Background information
- Origin: Westfield, New Jersey, U.S.
- Genres: Alternative rock;
- Years active: 1981–present;
- Labels: WM Recordings; Foundation Records; Continuum Records; Rondor Music;
- Members: Bob Ardrey (guitar, vocals) Don Dazzo (lead vocals) Dan Paola (guitar, vocals) Billy Siegel (keyboards, vocals) Jerry Heer (bass) John Bryan (drums, percussion)

= The Whirling Dervishes (band) =

American alternative rock band

The Whirling Dervishes are an American alternative rock band from Westfield, New Jersey. Formed in 1981 as Johnny Bravo and his Whirling Dervishes, the band shortened its name in 1983 to Whirling Dervishes. Their sound has been described as a combination of Roxy Music, The Stooges, Nine Inch Nails and The Wonderstuff.

==Career==
Dazzo, Ardrey, Paola and Siegel met while attending Westfield High School while Heer and Bryan studied at neighboring Union Catholic High School. All performed in various bands during those formative years, except for Dazzo who served as roadie for Ardrey's group, the Shattered Five.

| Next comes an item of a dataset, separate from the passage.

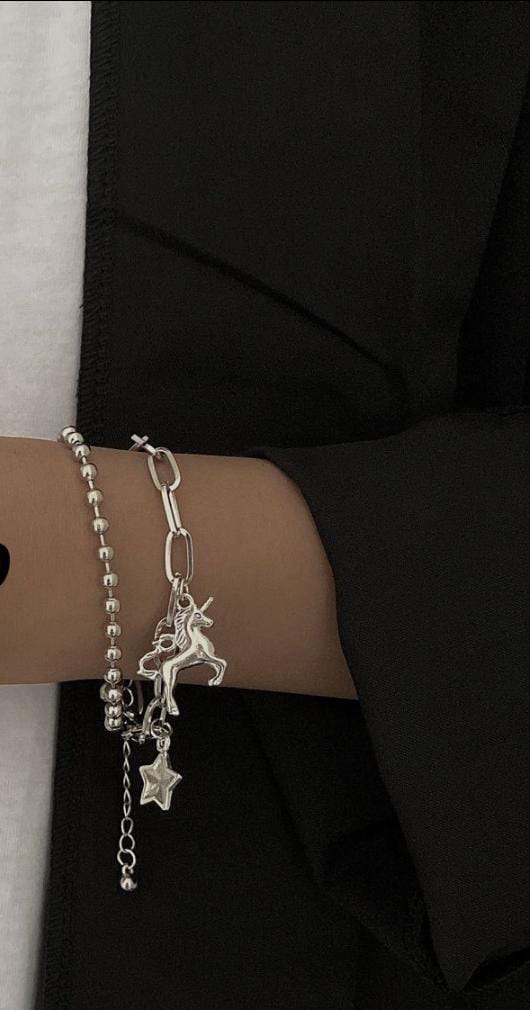 Yu Fashions 2 layered Unicorn Star Charm Link Chain Stainless Steel Multilayered Korean Bracelet

The band is known for its dark pop songs and benefitted greatly from airplay on WHTG-FM in Eatontown, New Jersey, which helped popularize the group at the Jersey Shore and beyond. The band toured the East Coast during the mid-1980s through the early 1990s, but performed most frequently at rock clubs in the New York and New Jersey area such as Stone Pony, Brighton Bar, The Limelight, Danceteria, CBGB, China Club, Kat Club, Fastlane, Court Tavern, the Melody, the Roxy, and the Green Parrot.

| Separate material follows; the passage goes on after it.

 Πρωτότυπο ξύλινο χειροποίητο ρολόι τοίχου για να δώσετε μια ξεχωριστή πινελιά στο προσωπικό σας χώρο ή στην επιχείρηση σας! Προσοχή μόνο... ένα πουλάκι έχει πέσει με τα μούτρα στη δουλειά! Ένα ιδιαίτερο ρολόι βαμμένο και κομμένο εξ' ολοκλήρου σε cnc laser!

The original line-up, Bob Ardrey (guitar, vocals), Don Dazzo (lead vocals), Dan Paola (guitar, vocals), Billy Siegel (keyboards, vocals, producer), Jerry Heer (bass) and John Bryan (drums, percussion), remained together until Ardrey's death in 2024. They have also worked with engineer Alan Douches, known for his engineering and mastering skills with Aerosmith, Steve Taylor and George Benson.

===Record releases===
Best known for their perennial Christmas classic cover of "You're A Mean One, Mr. Grinch," the band released two vinyl EPs, History Kicks You (1983) and Affordable World (1985); one CD EP, Wish it Would Snow (1992), independently, re-released in 1994 on Ignition with bonus tracks and again in 1995 as Grinch on Continuum/Universal; and one full-length CD album, Strange and Wonderful (1992).

===Television and film===
Signed in 1991 to Herb Alpert's publishing arm of A&M records Rondor Music, the band wrote and recorded the theme song to NBC's short-lived television show The Adventures of Mark and Brian.

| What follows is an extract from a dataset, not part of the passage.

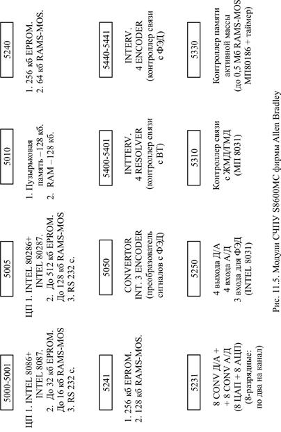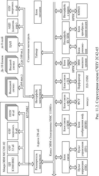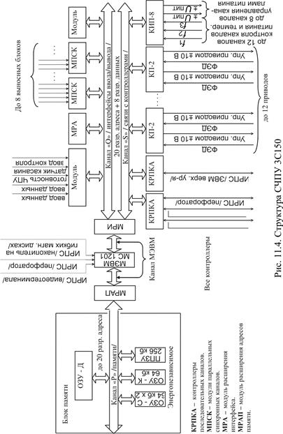 На рис. 11.2 приведена структурная схема СЧПУ 2С42-65. Структура, в принципе, не отличается от предыдущей, однако контуры положения уже реализованы программным способом. Имеется блок умножения для операций с плавающей запятой, ВЗУ КНМЛ. Однако управлять более чем тремя осями одновременно данная структура не может – не хватает ресурсов. На рис. 11.3 приведена структурная схема СЧПУ «Нейрон Н3.611». Данная СЧПУ является аналогом СЧПУ «Вектор» фирмы Olivetti. Это единственная отечественная МПС до 90-х годов для управления позиционными и контурными системами, выполненная на элементах Intel-й ветви МП. В системе основной вычислитель выполнен на МП К580ВМ1А и арифметическом процессоре АП. Дополнительный ведомый процессор ДП является интеллектуальным контроллером, обеспечивает обмен с приводами и электроавтоматикой и первоначальную обработку информации в том числе для выполнения роли регуляторов положения в фазово-импульсных контурах. СЧПУ управляет двумя приводами подач На рис. 11.4 приведена структурная схема СЧПУ 3С-150 (третье поколение СЧПУ). Данная стойка имеет модульную конструкцию и большие возможности за счет: ¨ большого объема памяти энергонезависимого динамического ОЗУ, защищенного по коду Хемминга, и ППЗУ, управляемых диспетчером памяти МРАП; ¨ большого набора интеллектуальных контроллеров, выполненных с применением МП К580ВМ80А; ¨ модуля расширенной арифметики МРА как сопроцессора для операций с плавающей запятой. Однако данная СЧПУ и другие из этой серии (3С-120, 3С-180), созданные в конце 80-х годов, не успели стать отлаженными до начала разрушительных процессов в России. СЧПУ получилась габаритной, с большим числом плат и недостаточно надежной.

In 1990, the band released the film Thin Mints, written and directed by Dazzo, starring Ardrey and Fred Harlow, with a score by Siegel and Ardrey, and with Whirling Dervishes' songs prominently featured.

===Everlounge===
In 1994, Dazzo and Siegel formed the group Everlounge, later joined by Ardrey, inspired by the New York- and Los Angeles-based lounge music scene. Occasionally, Whirling Dervishes still play local shows in the New Jersey area.